The discovery of six comets made 2008 a truly stellar year for Italian astronomer Andrea Boattini.
He spends solitary nights keeping vigil on the heavens at Mount Lemmon Observatory in Arizona – looking for cosmic debris hurtling through the inner Solar System.
Two telescopes in Arizona and one in Australia are conducting the Catalina Sky Survey – part of a Nasa project to find and track near-Earth objects (NEOs).
Six comets in one year is the most found by an Italian astronomer since the mid-19th Century, even if it is not a world record.
Asteroids are far more common in the Solar System and potentially more hazardous to Earth. Mostly they are rockier, smaller and less spectacular than comets, so usually they are harder to find. There is a vast belt of asteroids between Mars and Jupiter.
‘More Predictable’
In 1998, Nasa started compiling an inventory of NEOs larger than one kilometre (0.62 miles) in diameter.
Don Yeomans, head of the NEO programme at the Jet Propulsion Laboratory (JPL) in Pasadena, California, says his team has found 763 asteroids and 82 comets in that category. That is 81% of the estimated total of near-Earth asteroids wider than 1km.
“It’s getting much more predictable. Before 1998 we hadn’t found many and didn’t do much follow-up,” he told BBC News.
But he admits that the new task set for the US space agency in 2005 – to log NEOs as small as 140m (460ft) in diameter – is much harder. The target is to find 90% of them by 2020.
An object is classed as an NEO if it comes within 45 million km (28 million miles) of Earth’s orbit. Astronomers call that within 0.3 astronomical units (AU) – one unit being the distance of the Earth from the Sun. If the distance is only 0.05AU or less it is a potentially hazardous object.
The rationale for the project is that, while the chances of a NEO smashing into Earth are very slim, it would only take one to cause a global catastrophe and perhaps wipe out mankind. Even one smaller than 140m in diameter could cause a continental disaster – a giant fireball or a tsunami.
A rock about 50m wide which exploded over the Tunguska region of Siberia in 1908 levelled a vast area of forest and the impact energy was comparable to a modern nuclear weapon.
The impact of comet Shoemaker-Levy 9 in 1994 inflicted giant bruises on Jupiter, even though the comet was tiny in comparison with the giant gaseous planet.
Impact Alert
Yet the NEO team’s observations are paying dividends, in terms of early warning of a hazard.
A major success was the first ever accurate prediction of an Earth impact, last October. The Arizona observatory spotted a two-metre space rock heading for Earth and predicted exactly when and where it would land.
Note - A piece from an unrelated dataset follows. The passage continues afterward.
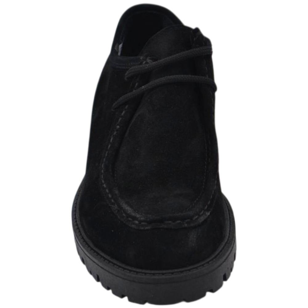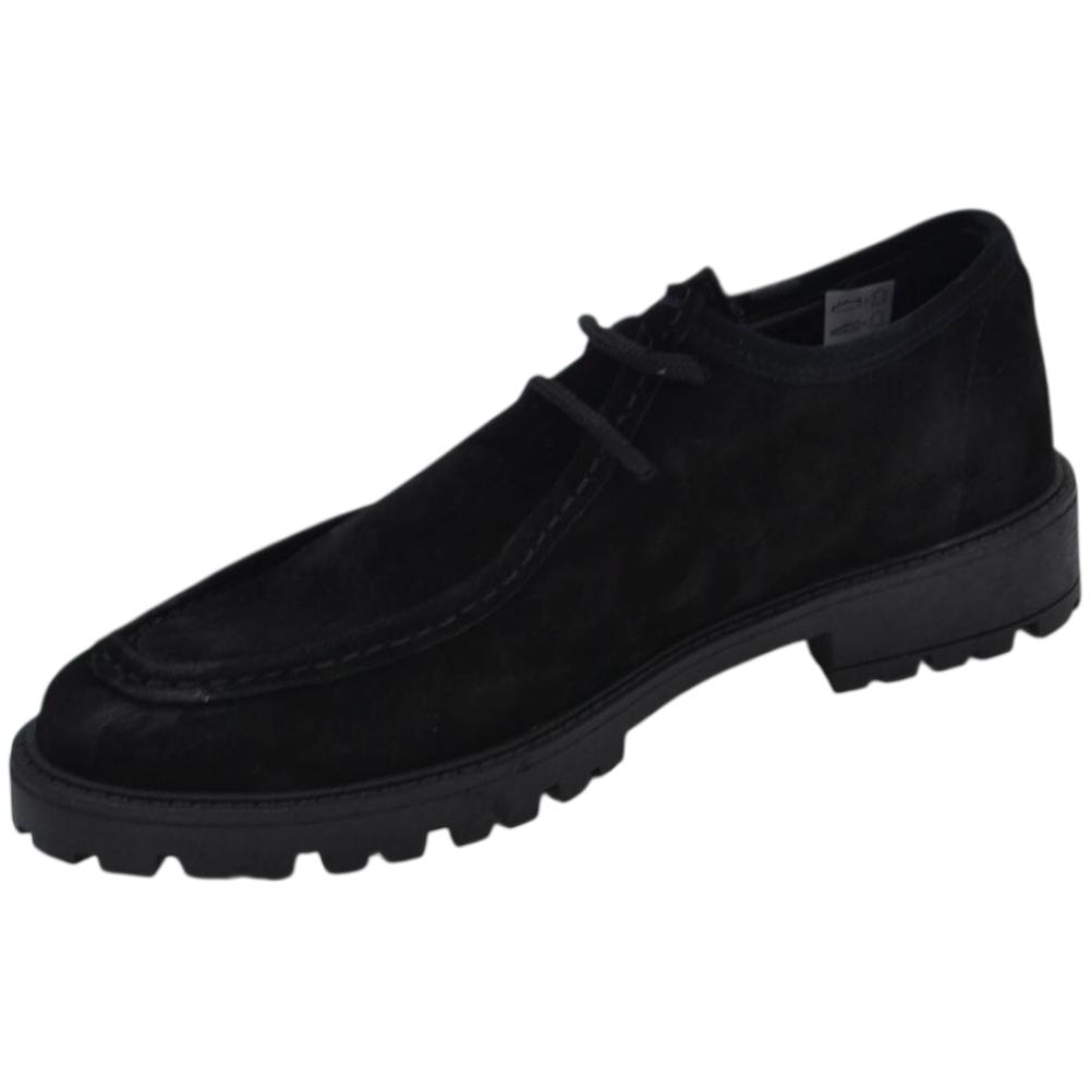 Scarpe uomo stringate ingegniere vera pelle camoscio nero spazzolato suola alta zigrinata made in italy

The rock exploded in an empty part of northern Sudan, within a day of discovery.
“We have to react very fast, especially when objects are very close to Earth,” Mr Boattini told BBC News.
He said the 10-member Catalina team – one of three doing the NEO survey – had found 70% of the NEOs in the past year.
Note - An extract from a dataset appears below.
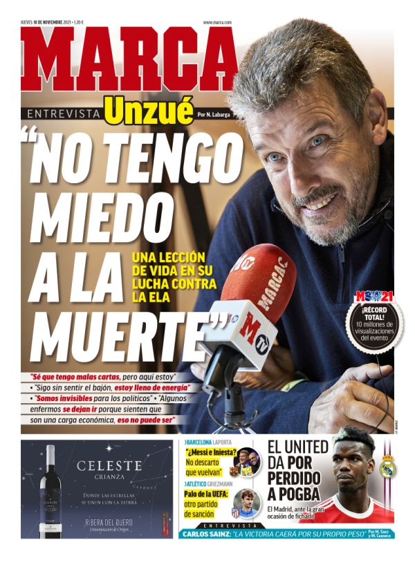 El diario Marca publica este jueves una entrevista con Juan Carlos Unzué. Conocido exfutbolista y extécnico del fútbol español que ha sido diagnosticado con ELA, una de las enfermedades más devastadoras en la actualidad: "No tengo miedo a la muerte. Sé que tengo malas cartas, pero aquí estoy". También añade una información sobre Paul Pogba en la que se asegura que el Manchester United da por perdido a Paul Pogba y el Real Madrid está muy atento a su situación.
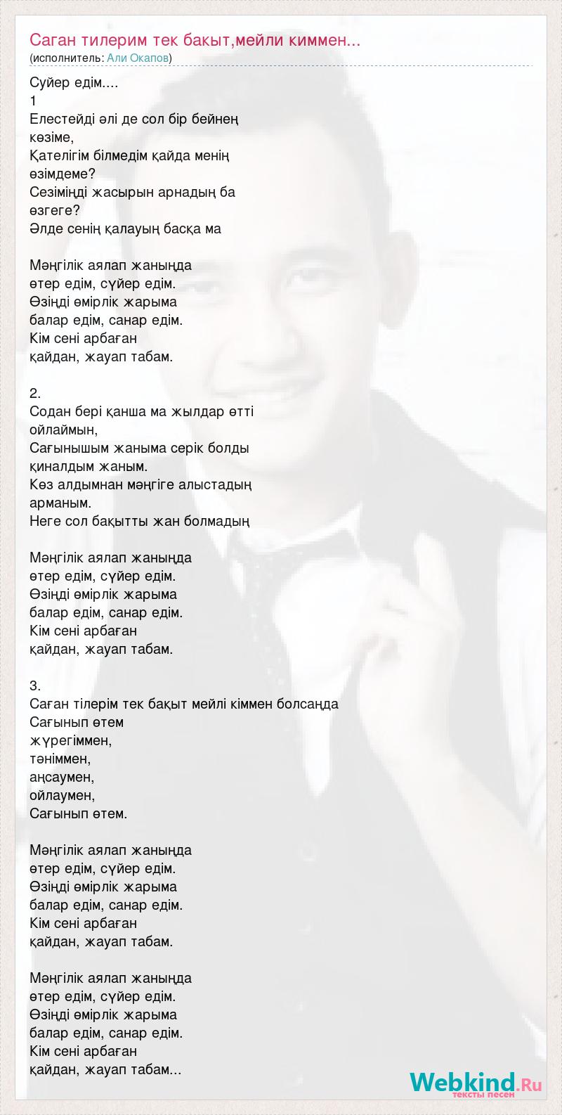 Суйер едім.... 1 Елестейді әлі де сол бір бейнең көзіме, Қателігім білмедім қайда менің өзімдеме? Сезіміңді жасырын арнадың ба өзгеге? Әлде сенің қалауың басқа ма Мәңгілік аялап жаныңда өтер едім, сүйер едім. Өзіңді өмірлік жарыма балар едім, санар едім. Кім сені арбаған қайдан, жауап табам. 2. Содан бері қанша ма жылдар өтті ойлаймын, Сағынышым жаныма серік болды қиналдым жаным. Көз алдымнан мәңгіге алыстадың арманым. Неге сол бақытты жан болмадың Мәңгілік аялап жаныңда өтер едім, сүйер едім. Өзіңді өмірлік жарыма балар едім, санар едім. Кім сені арбаған қайдан, жауап табам. 3. Саған тілерім тек бақыт мейлі кіммен болсаңда Сағынып өтем жүрегіммен, тәніммен, аңсаумен, ойлаумен, Сағынып өтем. Мәңгілік аялап жаныңда өтер едім, сүйер едім. Өзіңді өмірлік жарыма балар едім, санар едім. Кім сені арбаған қайдан, жауап табам. Мәңгілік аялап жаныңда өтер едім, сүйер едім. Өзіңді өмірлік жарыма балар едім, санар едім. Кім сені арбаған қайдан, жауап табам...

His digital cameras take a 30-second exposure of a specific area of sky, then keep going until there are 12 images of 12 different fields. Then the whole process is repeated, so finally there are four images for each field, and each image is separated from the next one by a 10-minute interval. A computer then picks up and displays the motion of a NEO.
Mr Yeomans says new wide-field telescopes specially designed for the sky survey will be operational in the next few years and “should improve the discovery rate by a factor of about 40”.
One of the new telescopes, called PanSTARRS, will be installed in Hawaii.
“The idea is to have four telescopes co-located, all pointing at the same region of sky,” Mr Yeomans said.
The NEO team also uses two radar telescopes – one in California’s Mojave desert, the other at Arecibo, in Puerto Rico. “Radar gives you range – the distance between the observer and the asteroid, so it’s a more powerful data set,” he explained. But the radar facilities are much in demand for other space projects.
The aim is to find NEOs 20 or 30 years before they come close to Earth – and that is already achievable, Mr Yeomans says. If necessary, a craft could be sent up to deflect it – and a big space rock might require a nuclear explosion to push it away from Earth.
In April 2029, an asteroid called Apophis will come within five Earth radii – below the orbits of geosynchronous satellites, “but we can already rule out an Earth impact,” Mr Yeomans told BBC News.
Space probes are increasingly sending back a rich harvest of data about asteroids and comets – again making their behaviour more predictable.
Comets streak towards the Sun from the outer Solar System or beyond, usually leaving a tail millions of kilometres long as solar radiation reacts with their ice particles.
Mr Yeomans said the Stardust mission (1999-2006) indicated that comets “are surprisingly fragile”. The comet has a density of less than 1g per cubic cm – less than water’s density – and may have “interior voids”, he said.